> _Work order_
From the line with "Rolnicy mogą ubiegać" to the line with "进口RENATA瑞士315氧化银手表电池SR716SW适用雷达天王表纽扣电子", output every line below exactly, both ends included. Skip the pictures.

> _Provided records_

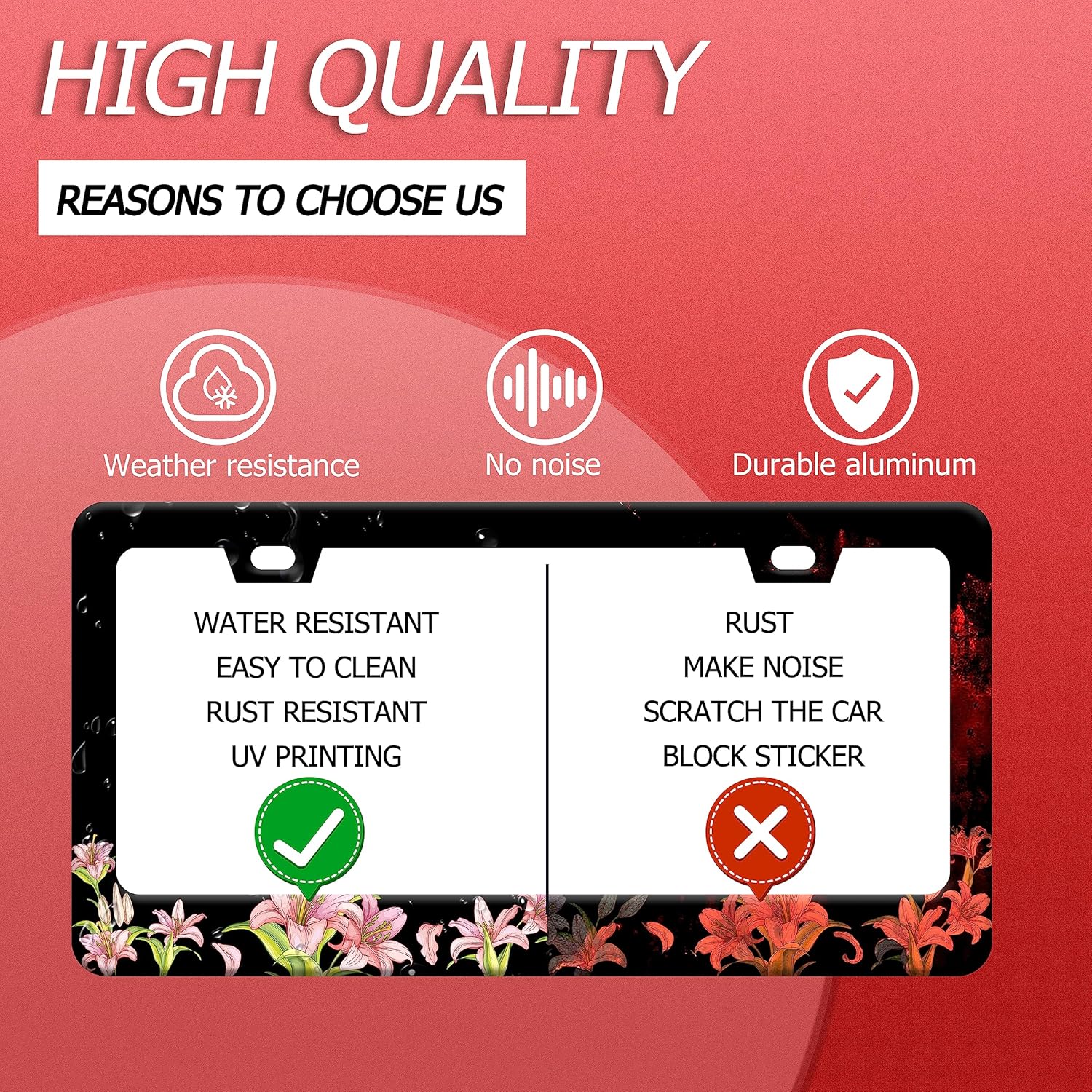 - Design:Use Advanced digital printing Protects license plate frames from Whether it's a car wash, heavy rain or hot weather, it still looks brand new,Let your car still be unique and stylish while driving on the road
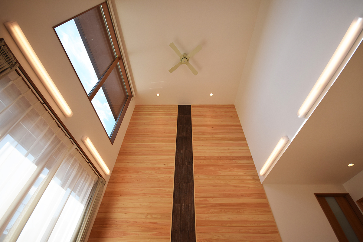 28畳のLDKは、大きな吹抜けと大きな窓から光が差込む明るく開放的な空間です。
* * *
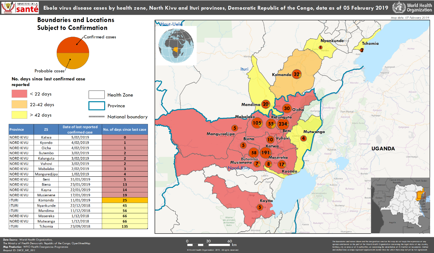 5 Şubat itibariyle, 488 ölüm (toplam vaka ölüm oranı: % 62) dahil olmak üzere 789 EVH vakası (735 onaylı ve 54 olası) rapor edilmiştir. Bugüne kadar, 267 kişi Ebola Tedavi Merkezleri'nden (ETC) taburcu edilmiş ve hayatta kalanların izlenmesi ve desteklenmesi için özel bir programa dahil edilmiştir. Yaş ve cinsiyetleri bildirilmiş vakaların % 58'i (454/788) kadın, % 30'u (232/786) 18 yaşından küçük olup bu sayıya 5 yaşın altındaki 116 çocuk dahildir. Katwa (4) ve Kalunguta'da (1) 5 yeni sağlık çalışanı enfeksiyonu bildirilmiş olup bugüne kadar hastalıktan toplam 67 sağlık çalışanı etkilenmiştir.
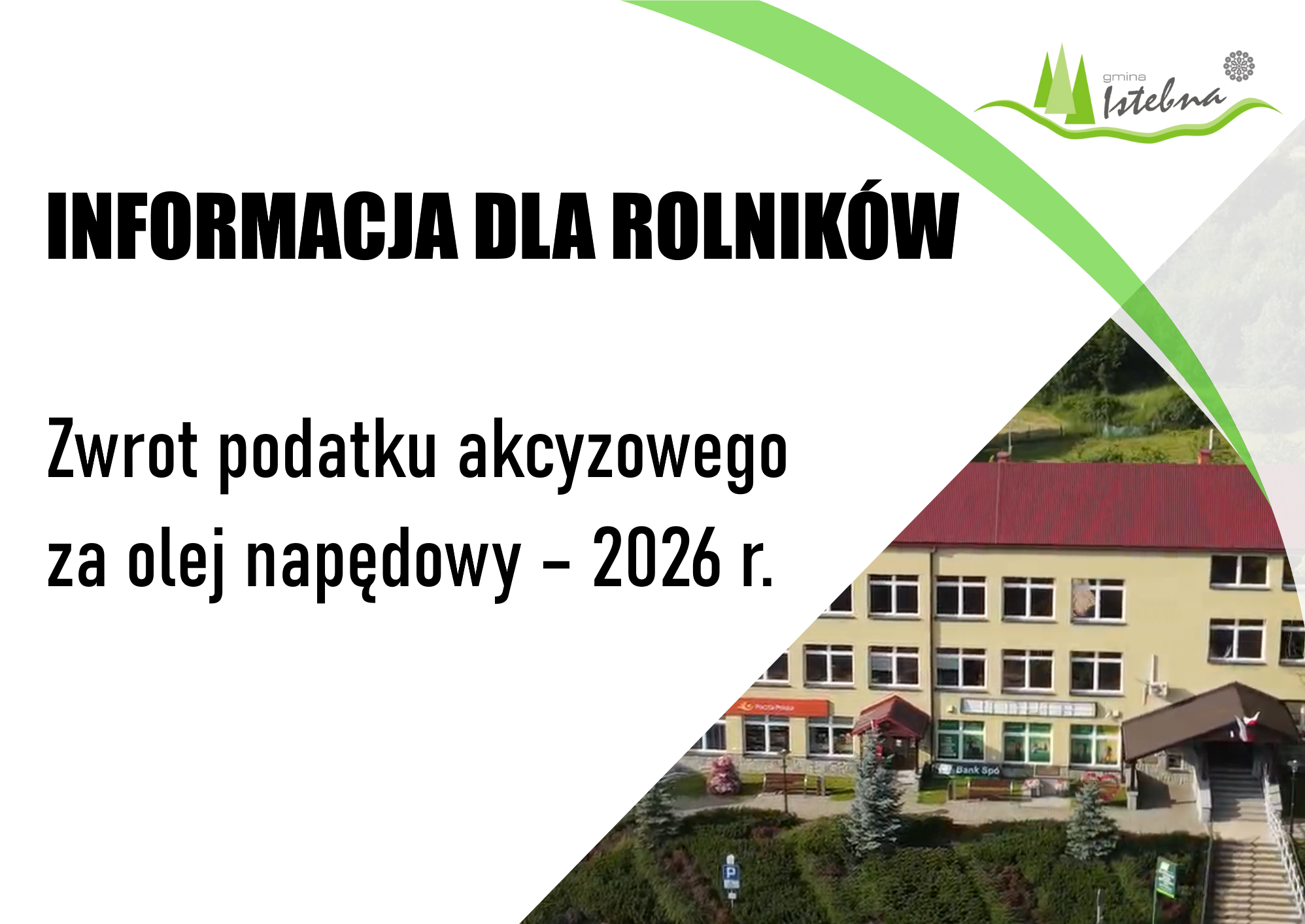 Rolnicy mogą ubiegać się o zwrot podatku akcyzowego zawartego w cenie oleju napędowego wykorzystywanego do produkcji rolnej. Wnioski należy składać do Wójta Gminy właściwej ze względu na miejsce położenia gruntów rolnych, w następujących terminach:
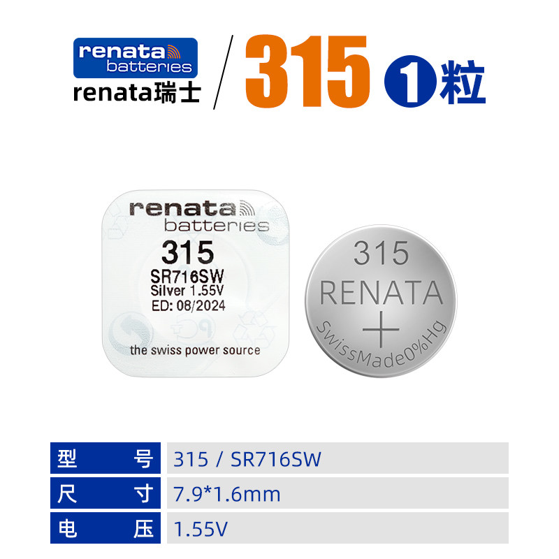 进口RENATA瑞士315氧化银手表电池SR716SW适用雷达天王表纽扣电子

> _Task result_
 Rolnicy mogą ubiegać się o zwrot podatku akcyzowego zawartego w cenie oleju napędowego wykorzystywanego do produkcji rolnej. Wnioski należy składać do Wójta Gminy właściwej ze względu na miejsce położenia gruntów rolnych, w następujących terminach:
 进口RENATA瑞士315氧化银手表电池SR716SW适用雷达天王表纽扣电子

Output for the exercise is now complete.